Use streaming mode when the response is intentionally open:

  • chunked event streams
  • multipart replace streams
  • other producer-driven long-lived responses

Once a server connection enters Streaming, the idle reaper backs off. When the stream ends, the connection transitions back into normal HTTP lifecycle rules or closes.

That is very different from simply forgetting to close a one-shot response.

Upgrade To WebSocket

WebSocket is the cleanest example of why the adapter model exists.

The flow is:

HTTP request with Upgrade headers
  -> HTTP connection validates the upgrade
  -> replaceAdapter(ws::ConnectionAdapter)
  -> send 101 Switching Protocols
  -> mark connection as Upgraded
  -> frame-based I/O takes over

After that point, the connection is not "an HTTP connection that also does WebSocket." It is upgraded transport running through the WebSocket adapter on the same underlying socket.

That distinction matters for:

  • close semantics
  • idle timeout behavior
  • payload framing
  • partial frame buffering

It is also why upgrade tail bytes had to be handled carefully. If HTTP parsing stops at the handshake boundary but there are already WebSocket bytes in the same TCP read, those bytes still need to make it into the new adapter.

Client Flow

Client-side HTTP is simpler once you keep the verbs straight.

The flow is:

build URL and request
  -> start()
  -> connect socket if needed
  -> write request line, headers, optional body
  -> receive response headers
  -> receive payload chunks
  -> complete or close

ClientConnection::start() is the transaction entry point.

Then:

  • Headers fires when response headers are ready
  • Payload fires for each body chunk
  • Complete fires once the whole response is received
  • Close fires when the connection closes

For WebSocket client connections, Connect means the WebSocket handshake is complete, not just that the TCP socket connected.
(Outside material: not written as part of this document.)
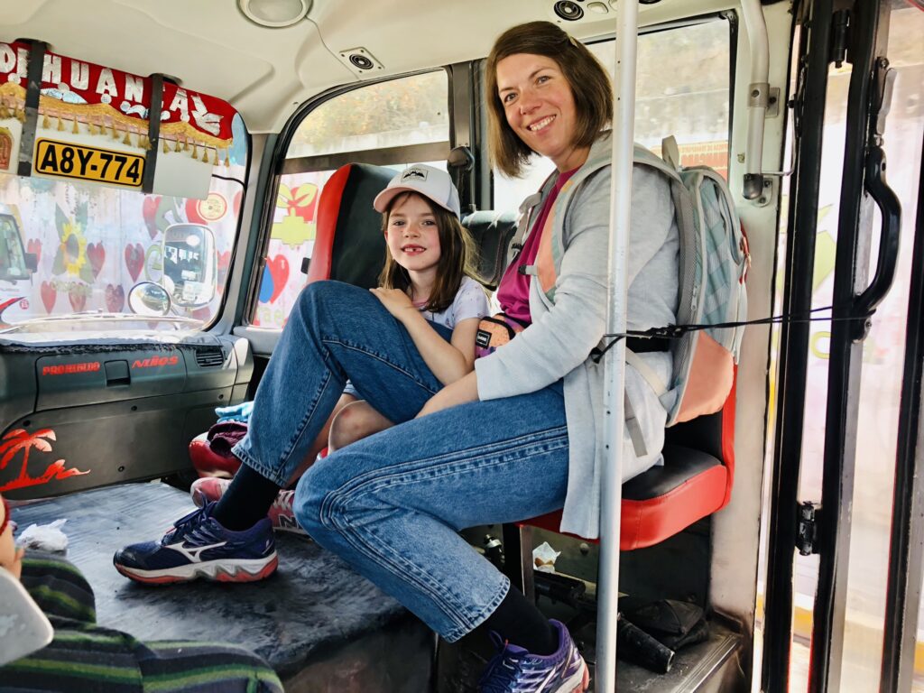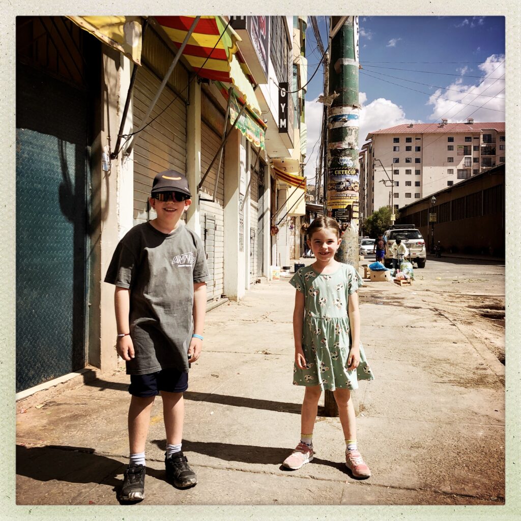 Kochen: Wir kochen mind. 1x pro Woche Schweizer Gerichte wie z.B. „Hörnli mit Hackfleisch und Apfelmus“ oder „Älplermagronen“ (das lieben die Kinder!). Es gibt aber auch oft Reis, Kartoffeln, Chicken Nuggets, Linsen mit Quinoa und diversem Gemüse u.v.m. Das Kochen dauert allerdings auf 3500 m ü.M. viel länger, doppelt bis dreimal so lange. Da wir einen Gasbackofen haben sind Gerichte wie Pizza oder Pommes nicht so einfach zum kochen, deshalb essen wir dies dann auswärts. Zudem sind gewisse Zutaten wie Mozzarella, Salami, Rahm teuer, zum Teil teurer als in der Schweiz. Dafür ist das Gemüse und das Fleisch sehr günstig. Zum Vergleich: 500 g Rindshackfleisch (nicht vom Markt) kostet 3.50.- sFr., 1 kg Tomaten kostet 1.- sFr. Ein Glas Nutella 350 g kostet 6.- sFr.! Wir fanden zum Glück eine Alternative die weniger wie halb so teuer ist!
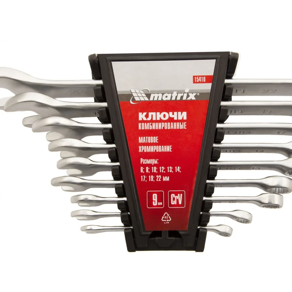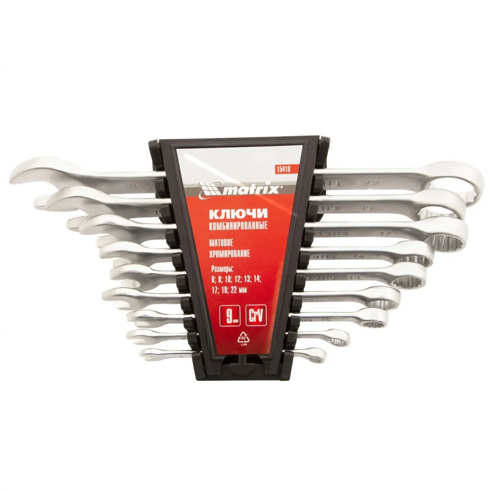 Набор ключей комбинированных, 6-22 мм, 9 шт, CrV, матовый хром Matrix 15410

That is the correct contract. Anything else would make the API ambiguous.

sendHeader() and Header Auto-Send

The server and the connection adapter can send headers for you, but this is still explicit enough to reason about.

  • sendHeader() writes the current outgoing header
  • normal connection send paths can auto-send the header first when that is the right thing to do
  • headerAutoSendEnabled controls that behavior for the next outgoing path

You do not need to micromanage it in the common cases, but you also do not have to guess what the connection is doing.

Ownership Rules That Matter In Practice

Incoming payload is borrowed

That applies to:

  • HTTP body chunks
  • client response payload chunks
  • transport receive buffers under the hood

Plain send() is the fast path

Use it when the payload naturally lives long enough.

sendOwned() is for assembled temporary output

Use it for:

  • generated headers
  • WebSocket frames
  • other payloads assembled in temporary storage

This is the same performance contract as the lower net layer, just applied to HTTP and upgrade paths.

The Point Of This Design

The HTTP module does not try to pretend everything is one high-level request abstraction.

It keeps three things explicit:

  • transport
  • parsing
  • message lifecycle

That is why the server can handle:

  • normal request/response
  • keep-alive reuse
  • streaming responses
  • WebSocket upgrade

without turning into a giant pile of special cases.